ASSIGNMENT
Make an exact transcript of the lines in the data below, starting with the one containing "Os scarpins estão" and going on through the one containing "水妖比较推荐冒险者们在商城的购物中心购买药草,三颗药草一共15钻石!", with both included and the pictures left out.

======== GIVEN DATA ========

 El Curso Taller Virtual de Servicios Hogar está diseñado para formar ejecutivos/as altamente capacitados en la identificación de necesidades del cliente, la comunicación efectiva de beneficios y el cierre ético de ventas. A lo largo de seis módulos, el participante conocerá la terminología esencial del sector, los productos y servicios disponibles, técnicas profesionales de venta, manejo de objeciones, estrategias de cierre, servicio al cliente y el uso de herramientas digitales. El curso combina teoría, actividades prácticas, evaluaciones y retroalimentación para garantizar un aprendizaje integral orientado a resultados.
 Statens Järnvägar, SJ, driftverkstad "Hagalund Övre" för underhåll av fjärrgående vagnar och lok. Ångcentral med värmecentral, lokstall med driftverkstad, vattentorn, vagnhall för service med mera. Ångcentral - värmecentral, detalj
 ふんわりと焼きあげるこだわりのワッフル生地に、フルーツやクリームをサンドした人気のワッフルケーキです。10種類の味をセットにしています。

========
======== GIVEN DATA ========

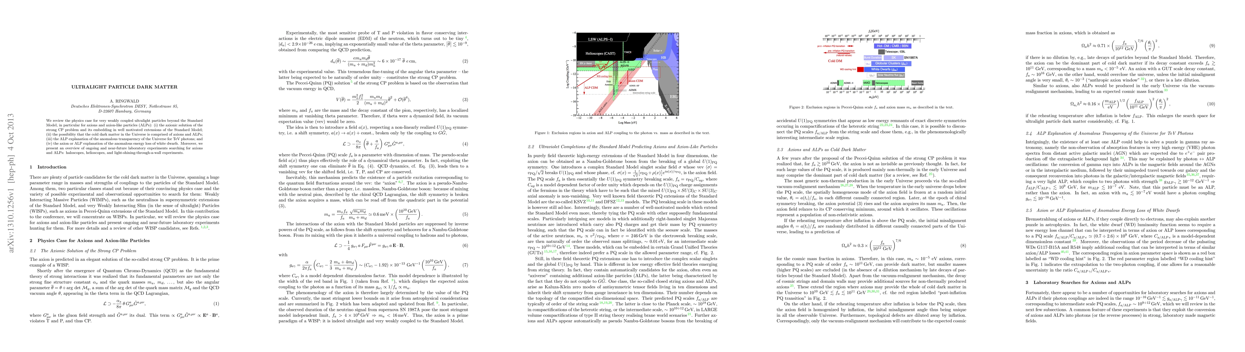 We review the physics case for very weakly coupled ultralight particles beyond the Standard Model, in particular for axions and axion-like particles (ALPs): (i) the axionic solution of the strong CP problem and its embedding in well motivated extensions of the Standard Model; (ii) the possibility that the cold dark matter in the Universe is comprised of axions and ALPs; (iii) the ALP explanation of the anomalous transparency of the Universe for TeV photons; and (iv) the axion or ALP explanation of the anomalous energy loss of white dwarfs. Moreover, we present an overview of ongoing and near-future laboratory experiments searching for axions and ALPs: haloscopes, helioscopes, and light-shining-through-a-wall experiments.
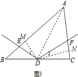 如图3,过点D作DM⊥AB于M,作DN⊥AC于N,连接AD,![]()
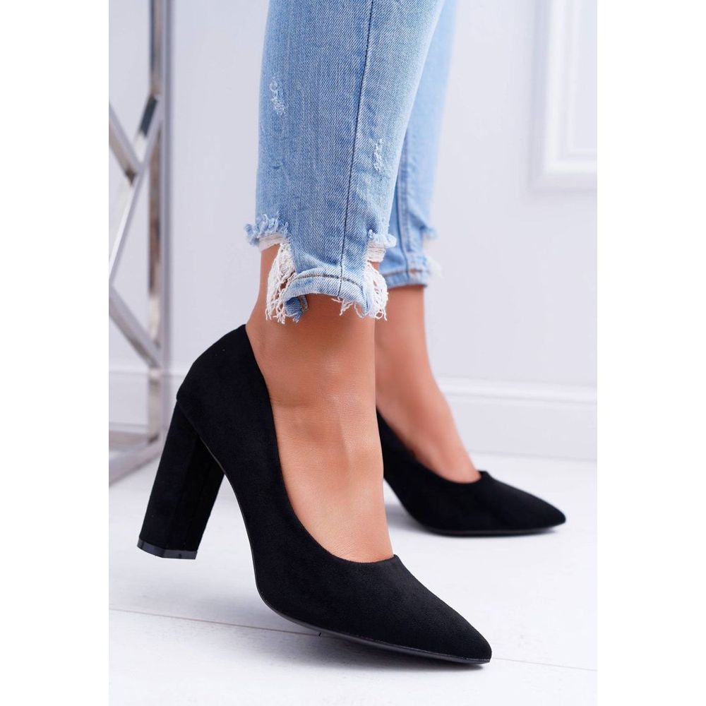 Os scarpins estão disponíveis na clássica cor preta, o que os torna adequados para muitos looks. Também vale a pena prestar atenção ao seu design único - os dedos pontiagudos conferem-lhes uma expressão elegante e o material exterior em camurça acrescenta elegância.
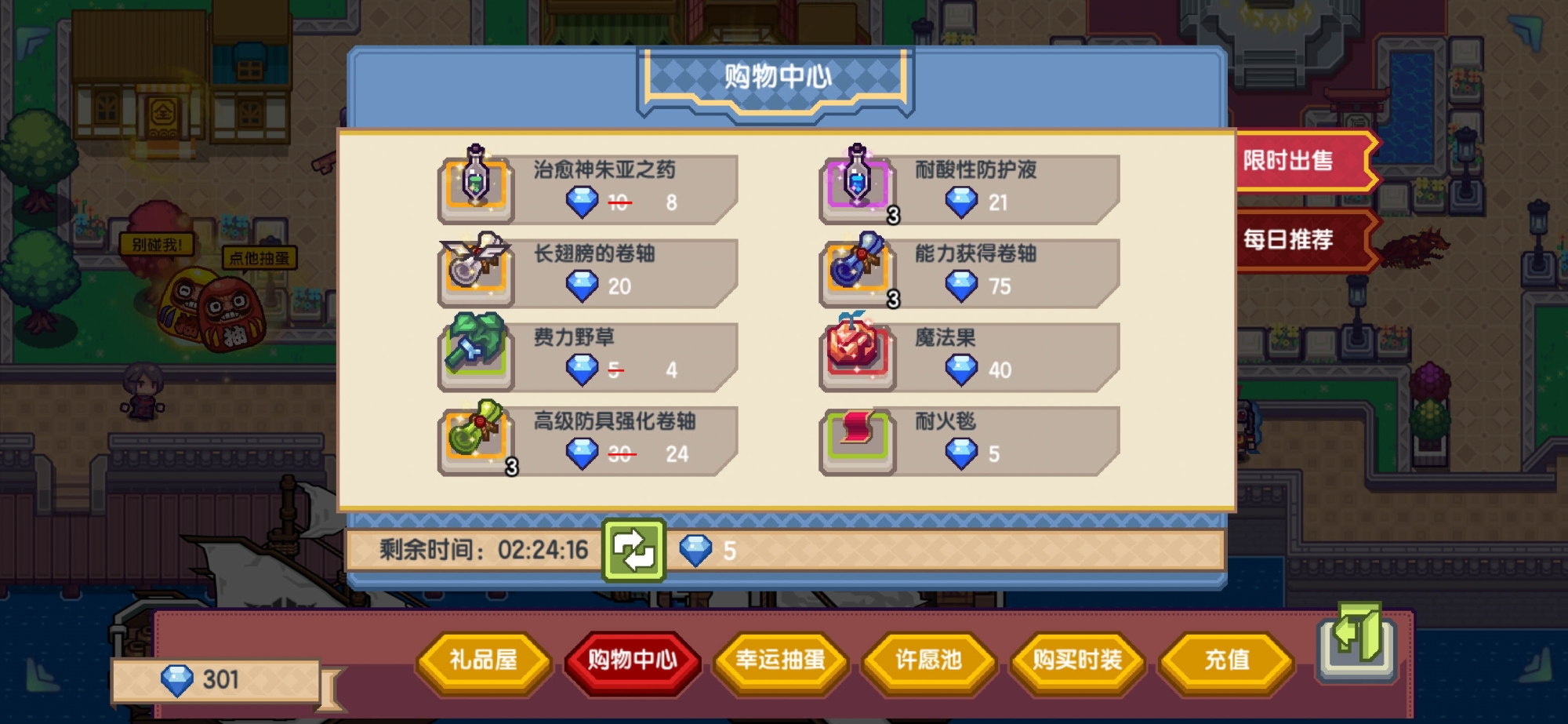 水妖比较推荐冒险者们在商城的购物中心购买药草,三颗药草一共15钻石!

========

SOLUTION TO THE PROBLEM
 Os scarpins estão disponíveis na clássica cor preta, o que os torna adequados para muitos looks. Também vale a pena prestar atenção ao seu design único - os dedos pontiagudos conferem-lhes uma expressão elegante e o material exterior em camurça acrescenta elegância.
 水妖比较推荐冒险者们在商城的购物中心购买药草,三颗药草一共15钻石!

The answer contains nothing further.